Information supplied –
▬▬▬▬▬▬▬▬▬▬

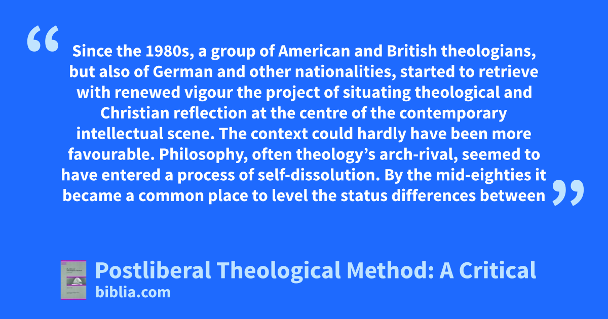 Since the 1980s, a group of American and British theologians, but also of German and other nationalities, started to retrieve with renewed vigour the project of situating theological and Christian reflection at the centre of the contemporary intellectual scene. The context could hardly have been more favourable. Philosophy, often theology’s arch-rival, seemed to have entered a process of self-dissolution. By the mid-eighties it became a common place to level the status differences between
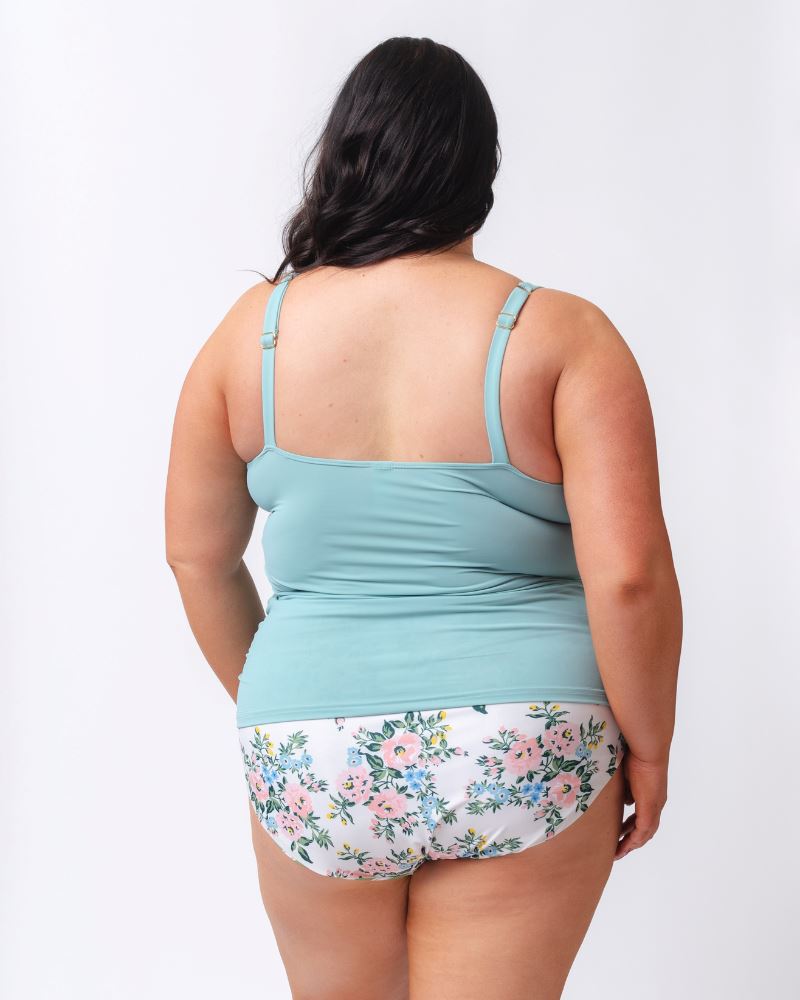 We took all the things you loved about this style and made it better this season! Featuring thick, adjustable straps, the Square-neck Tankini has a built-in shelf bra for great support as well as coverage. A little bit of ruching on the sides gives it some style and we are confident you will love this new version of one of our most popular styles! Pair it with your favorite bottom in this charming collection.
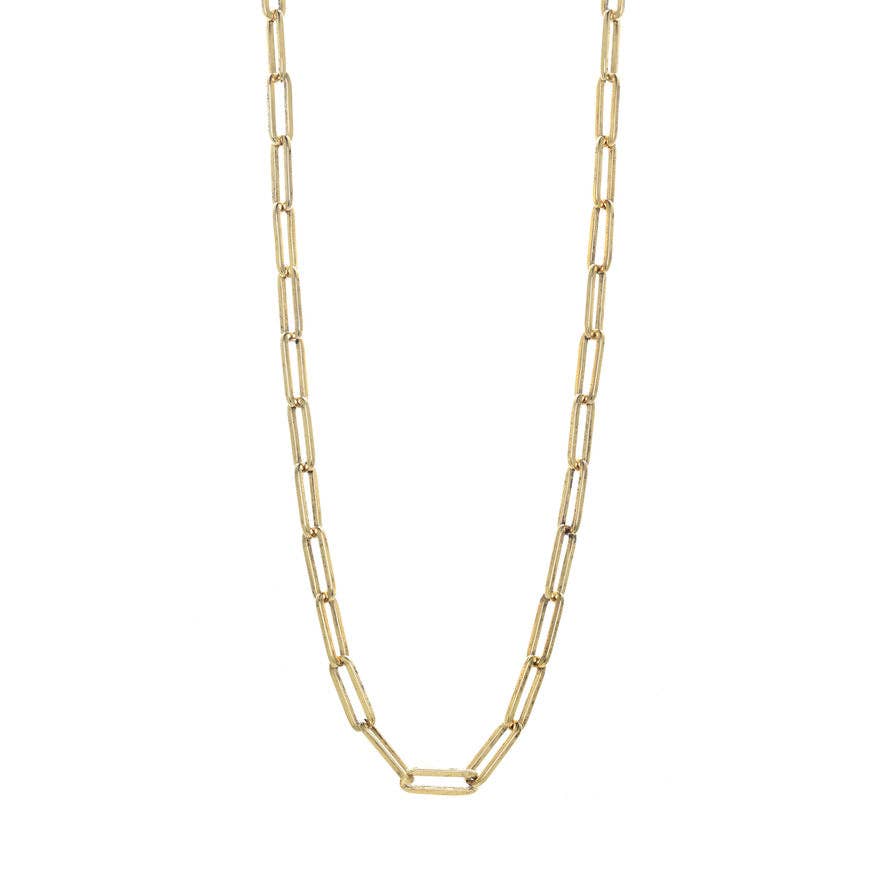 ADJUSTABLE GOLD PAPERCLIP CHAIN NECKLACE This stylish paperclip necklace is plated in 24k gold with a high polish finish. The Ricky chain is lightweight and goes with any look. With an extension added, this versatile necklace can be worn in different lengths which is made perfect to be stacked with your favorite necklaces! Materials: Stainless Steel, 24K Gold Plated Measurement: 15" length + 4" Extension. Total Length: 19". Chain width, 4mm Closure: lobster clasp Additional Info: * Hypoallergenic: The base is surgical stainless steel * Eco-friendly: We use recycled silver and gold! * Tarnish resistant: No worries about color fading here. With proper care, this piece will last for years! See our care section for more details. All of our gold jewelry is plated with recycled gold. Each piece is coated using the highest grade technique, which is made to be more 8 times more durable than traditional gold-plated jewelry.
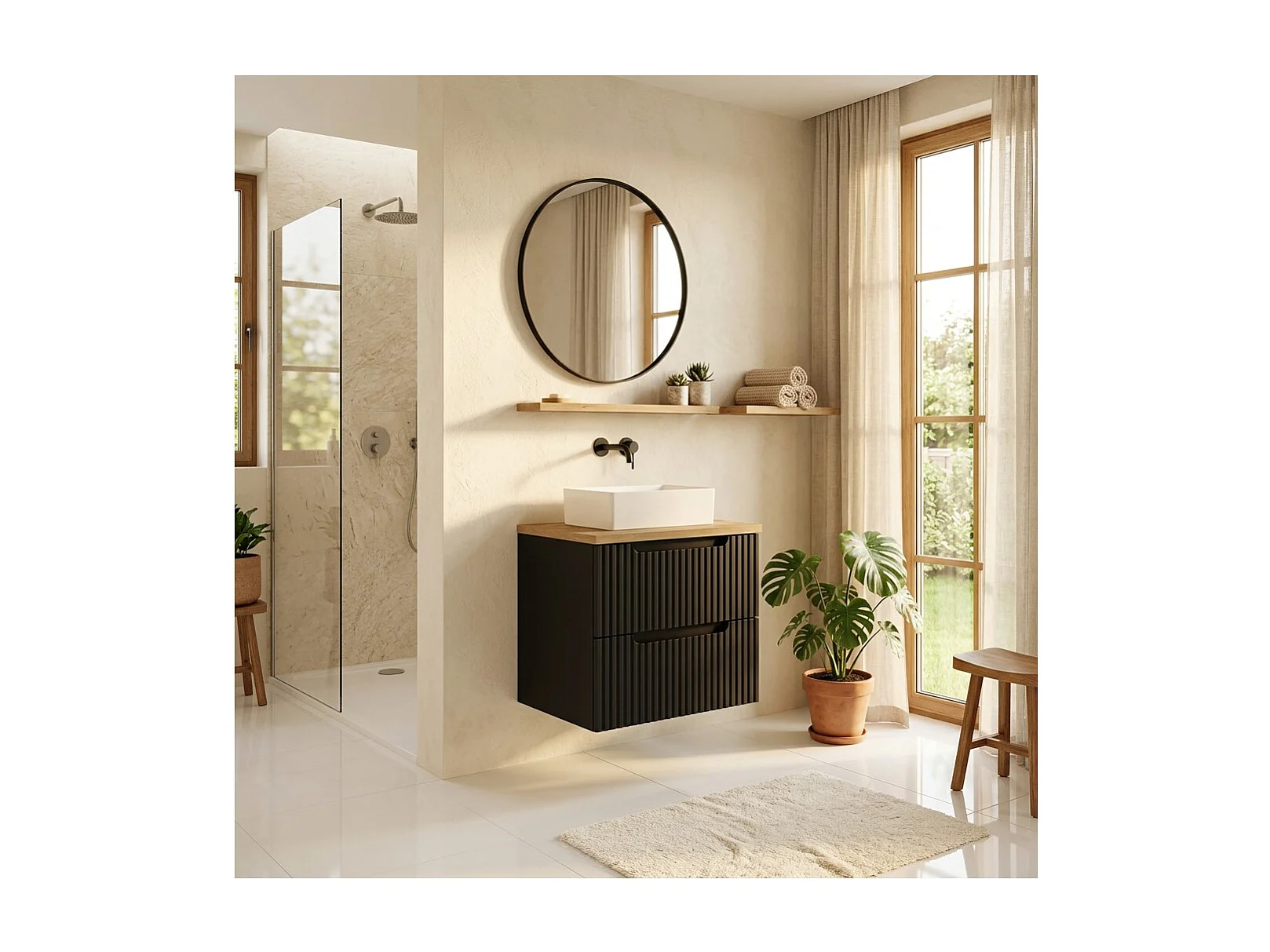 Ensemble de salle de bain suspendu VANO 50cm : meuble sous vasque à tiroirs rainuré + plan pour vasque aspect chêne clair

▬▬▬▬▬▬▬▬▬▬

How to complete this task –
Copy the data exactly. Pictures do not belong in the copy.

Response to the task –
 Since the 1980s, a group of American and British theologians, but also of German and other nationalities, started to retrieve with renewed vigour the project of situating theological and Christian reflection at the centre of the contemporary intellectual scene. The context could hardly have been more favourable. Philosophy, often theology’s arch-rival, seemed to have entered a process of self-dissolution. By the mid-eighties it became a common place to level the status differences between
 We took all the things you loved about this style and made it better this season! Featuring thick, adjustable straps, the Square-neck Tankini has a built-in shelf bra for great support as well as coverage. A little bit of ruching on the sides gives it some style and we are confident you will love this new version of one of our most popular styles! Pair it with your favorite bottom in this charming collection.
 ADJUSTABLE GOLD PAPERCLIP CHAIN NECKLACE This stylish paperclip necklace is plated in 24k gold with a high polish finish. The Ricky chain is lightweight and goes with any look. With an extension added, this versatile necklace can be worn in different lengths which is made perfect to be stacked with your favorite necklaces! Materials: Stainless Steel, 24K Gold Plated Measurement: 15" length + 4" Extension. Total Length: 19". Chain width, 4mm Closure: lobster clasp Additional Info: * Hypoallergenic: The base is surgical stainless steel * Eco-friendly: We use recycled silver and gold! * Tarnish resistant: No worries about color fading here. With proper care, this piece will last for years! See our care section for more details. All of our gold jewelry is plated with recycled gold. Each piece is coated using the highest grade technique, which is made to be more 8 times more durable than traditional gold-plated jewelry.
 Ensemble de salle de bain suspendu VANO 50cm : meuble sous vasque à tiroirs rainuré + plan pour vasque aspect chêne clair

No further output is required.